- Occupation: Entrepreneur
- Known for: Founder, and majority owner of the Atlantic Grupa

= Emil Tedeschi =

Croatian entrepreneur

Emil Tedeschi (born 6 April 1967) is a Croatian entrepreneur, founder, and majority owner of the Atlantic Grupa.

== Early life and education ==
Tedeschi's family is originally from Venice, and his great-grandfather came to the island of Korčula as a merchant. Tesdeschi's father, Svetozar Emil Tedeschi, was a lawyer who worked in managerial positions in a couple of companies, but at the end of the 1980s he moved to Trieste where he started a trading company for small-border trade with an Italian partner. Mother Đurđica was a judge on Korčula and a judge of the Municipal Court in Zagreb, and today, in retirement, she is known as a fashion connoisseur.

He holds a degree in Economics and Management from ZSEM (Zagreb School of Economics and Management) and he studied in Università per i Stranieri di Perugia, Italy and INSEAD Fontainebleau, France. Today he is a Clinical Professor of Entrepreneurship and Strategy, as well as an Advisory Board Member of ZSEM.

== Career ==
Tedeschi started working in his father's company in Trieste in 1989. Then, he moved to Meteor Holding, a pulp and paper trading company in London. At 22, he became the director of the Milan branch.

In 1991, he founded Atlantic Trade independently, starting with six employees from the Zagreb branch of Meteor Holding. The company initially grew by selling Wrigley chewing gum and Ferrero chocolate bars. Atlantic Trade expanded through strategic acquisitions, including Cedevita and Neva from Pliva and later the Slovenian company Droga Kolinska for 382 million euros in 2010. This purchase was funded by the company's own money, bank loans, and mezzanine financing from the European Bank for Reconstruction and Development.

Tedeschi's business has 5,400 employees and generates over 900 million euros in revenue annually. Additionally, he owns the private chain of pharmacies, Farmacia.

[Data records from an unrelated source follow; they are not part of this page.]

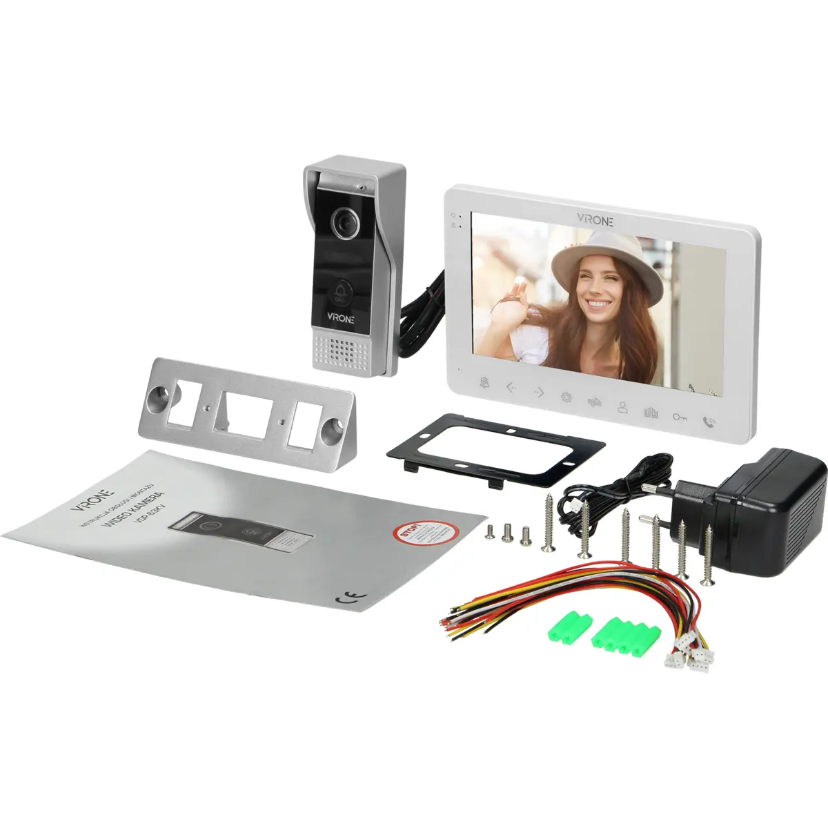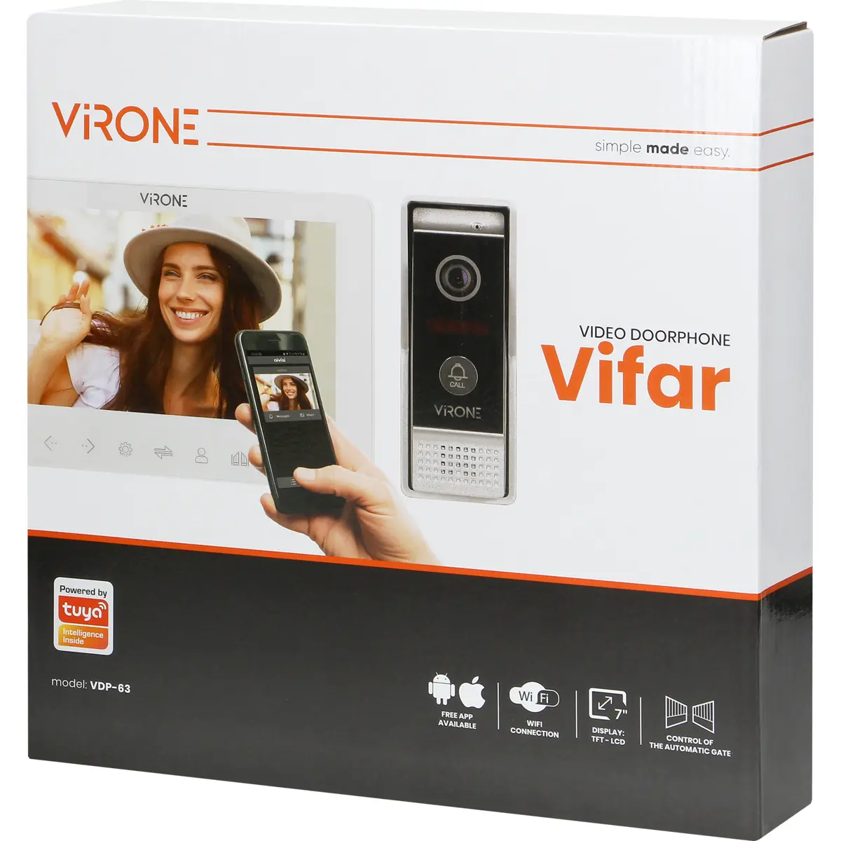 O moderno videoporteiro Vifar consiste num monitor LCD a cores de 7" branco e um painel externo com câmara e botão de entrada. A iluminação adicional do painel exterior com LEDs IR permite uma boa visão nocturna. O conjunto está equipado com um slot de cartão Micro SD que lhe permite ver, gravar e guardar ficheiros de vídeo/foto da câmara, para que possa verificar quem o visitou, mesmo quando está ausente de casa.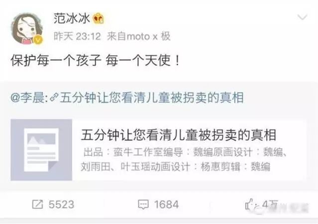 近日,范冰冰转了李晨一条微博,是关于国内拐卖儿童的视频,视频只有五分钟,看完让人有种说不出的难受...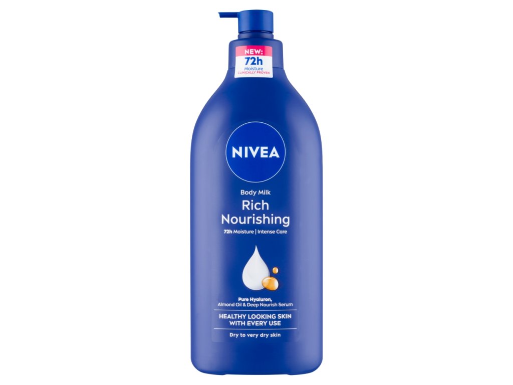 NIVEA výživné tělové mléko Body Milk Nourishing je kosmetický přípravek, který dodává i velmi suché pokožce dlouhodobou hydrataci a výživu. Lehké složení tohoto přípravku s obsahem vitamínu E, mandlovým olejem, přírodních minerálů a zvláčňujících látek redukuje hrubost pokožky a zlepšuje její cirkulaci vody. Mléko se lehce a okamžitě vstřebává a zanechá kůži dokonale vyživenou, hebkou a krásně voňavou.

He was named manager of the year in 2002 by the Croatian Association of Managers (CROMA), and in 2005 by the business magazine Privredni vjesnik. In 2006, he was chosen by the expert jury of Kapital Network as a businessman of the year.

From 2005 to 2007, he was the president of the Croatian Association of Employers and a member of the Economic and Social Council. He is also a member of the Trilateral Commission. He is the honorary consul of Ireland in the Republic of Croatia, and a member of the Harvard Kennedy School Dean's Council, the INSEAD Alumni Association, the Programme Council of the ZSEM, the Business Council at the Faculty of Economics in Ljubljana, as well as the Council of the University of Rijeka. Also, Tedeschi is a chairman of the Ernst and Young Entrepreneur of the Year award jury in Croatia.

In 2010, he received the award "Večernjak pečat" as the businessman of the year in the region of Southeast Europe, and the state decoration of the Order of Danica Hrvatska with the image of Blaž Lorković for special services to the economy.

From 2010 to 2015, he was a member of the Economic Council of the President of the Republic. In 2011, he was awarded the honorary "Heart of Sarajevo" for his long-term support of the Sarajevo Film Festival.

== Personal life ==
Tedeschi is married to Maja Tedeschi. They have two children.

He is the owner of the basketball club Cedevita Junior and the president of the basketball club Cedevita Olimpija in Ljubljana.